====== Source material

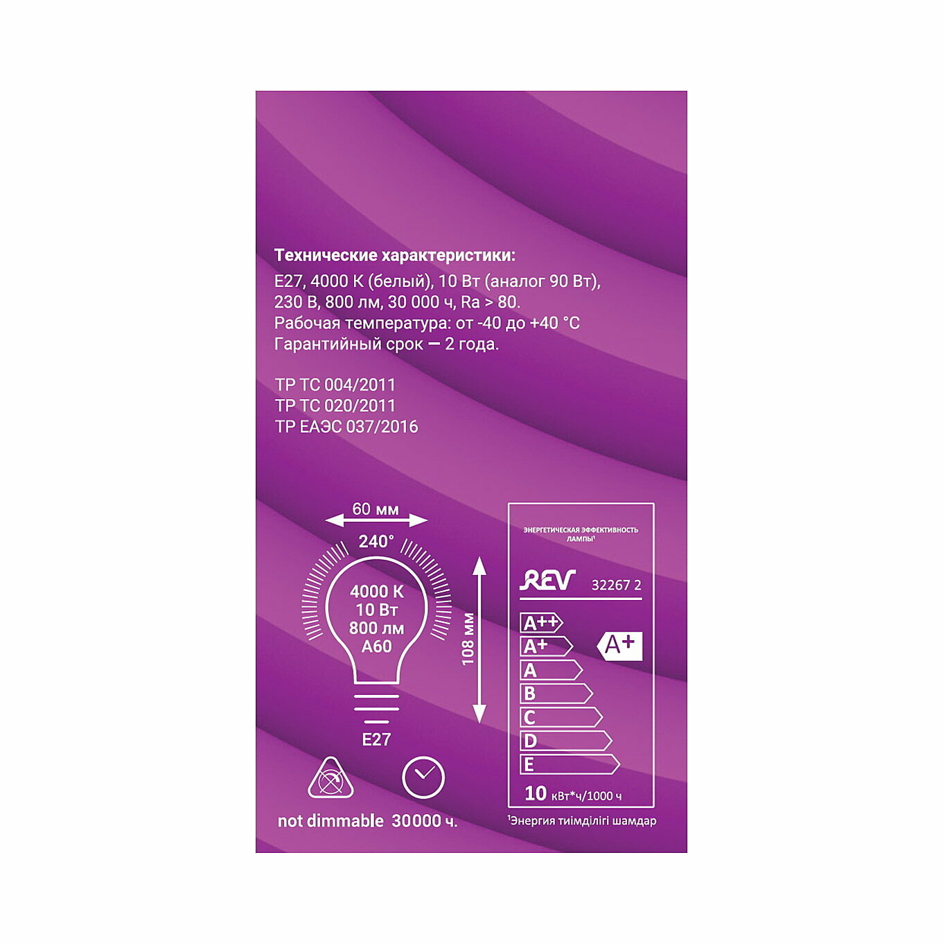 | Тип лампочки (основной) | Светодиодная |
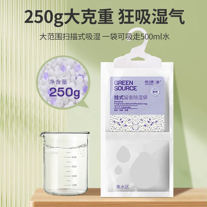 绿之源 可挂式除湿袋除霉味儿大容量卧室衣柜宿舍除湿剂薰衣草香 250g*10袋(薰衣草) 吸湿防潮,锁湿不渗,饱满实心球360°吸湿防霉,散发香气 兑换价格 2100 里程 会员卡别 终身白金卡 白金卡 金卡 银卡 普通卡 儿童卡 服务 由 燚购家居 发货并提供售后 颜色: 紫色 购买数量: 件 库存件 配送地址: 立即购买 加入购物车 成功添加到购物车 关闭 购物车共有 种商品 总金额为: 组合销售 产品介绍 产品规格 售后服务 产品咨询 发现好货 京东京造 除湿盒400ml*3盒 干燥剂除湿剂防潮剂除湿袋 室内衣服房间防潮除霉 1100 里程 京东京造 除湿桶750ml*2 除湿盒干燥剂除湿袋防潮剂吸湿防霉衣柜室内除湿 1800 里程 京东京造 冰箱除味剂 活性炭冰箱除味杀菌神器冰箱除臭剂冰箱除味盒140g*2 1100 里程 京东京造 奶昔固体清新剂 柠檬 3只装 空气清新剂 除臭剂 卫生间除臭 除味剂 香氛膏 1100 里程 京东京造 甲醛测试盒 除甲醛检测盒自测盒新车新房装修检测仪试纸 5盒装 1100 里程
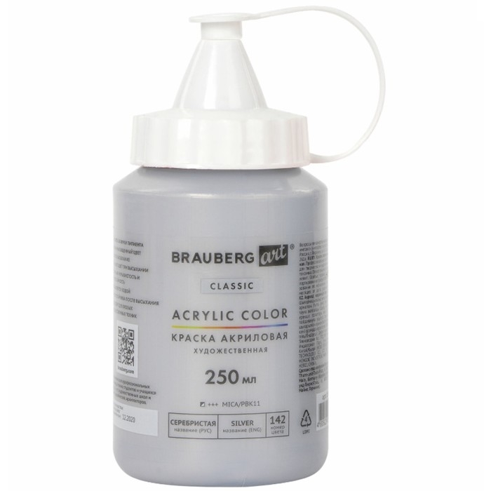 Краска акриловая художественная 250 мл, BRAUBERG ART CLASSIC, Серебристая
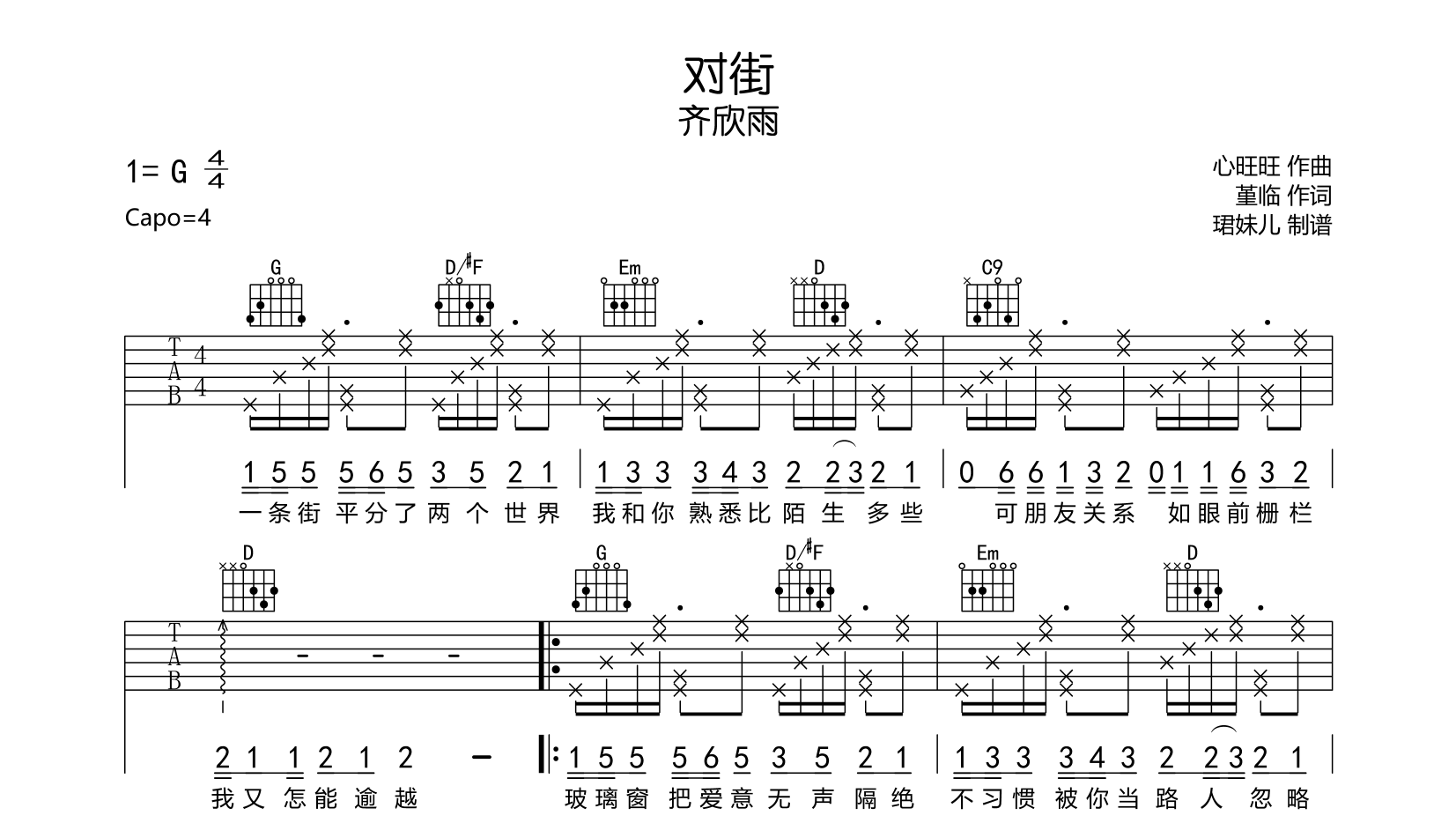 《齐欣雨《对街吉他谱》(G调)》内容来自于互联网,不能保证内容的准确性与完整性,仅供学习交流欣赏,请勿用于其它用途,内容版权归原作者及来源网站所有,如有侵犯到您的权益请来信告知,我们将及时删除。
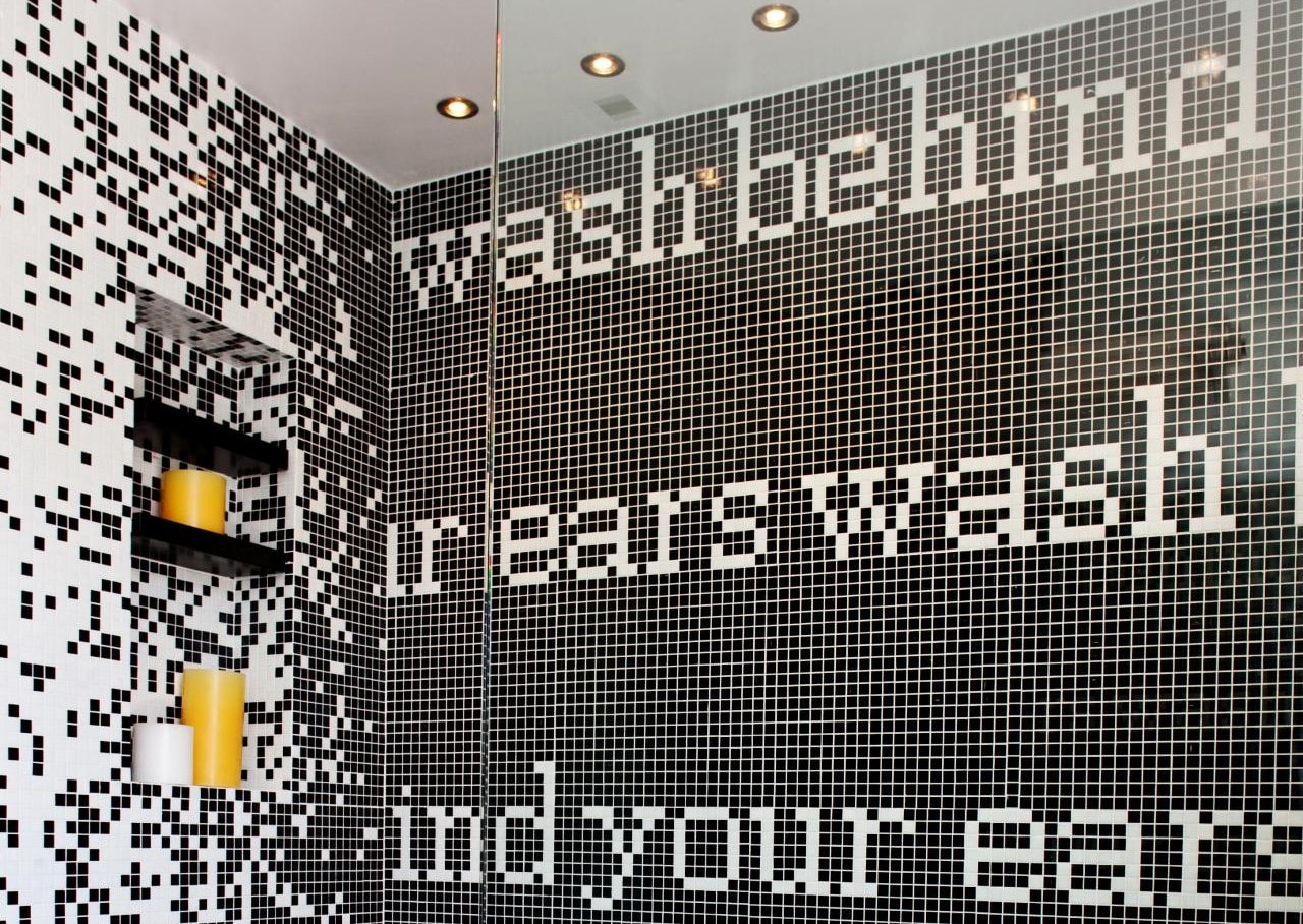 The photo shows mosaic geometric shapes on an accent wall in the interior of the toilet.
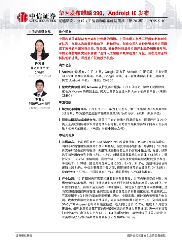 【中信证券】【20190910】全球人工智能和数字经济周报(第70期):华为发布麒麟990,Android10发布-12页 行业研究

============

Work required: Give back, word for word, the lines from the line that contains "Краска акриловая художественная" through the last line of the records, with no pictures and nothing else.

Answer below:
 Краска акриловая художественная 250 мл, BRAUBERG ART CLASSIC, Серебристая
 《齐欣雨《对街吉他谱》(G调)》内容来自于互联网,不能保证内容的准确性与完整性,仅供学习交流欣赏,请勿用于其它用途,内容版权归原作者及来源网站所有,如有侵犯到您的权益请来信告知,我们将及时删除。
 The photo shows mosaic geometric shapes on an accent wall in the interior of the toilet.
 【中信证券】【20190910】全球人工智能和数字经济周报(第70期):华为发布麒麟990,Android10发布-12页 行业研究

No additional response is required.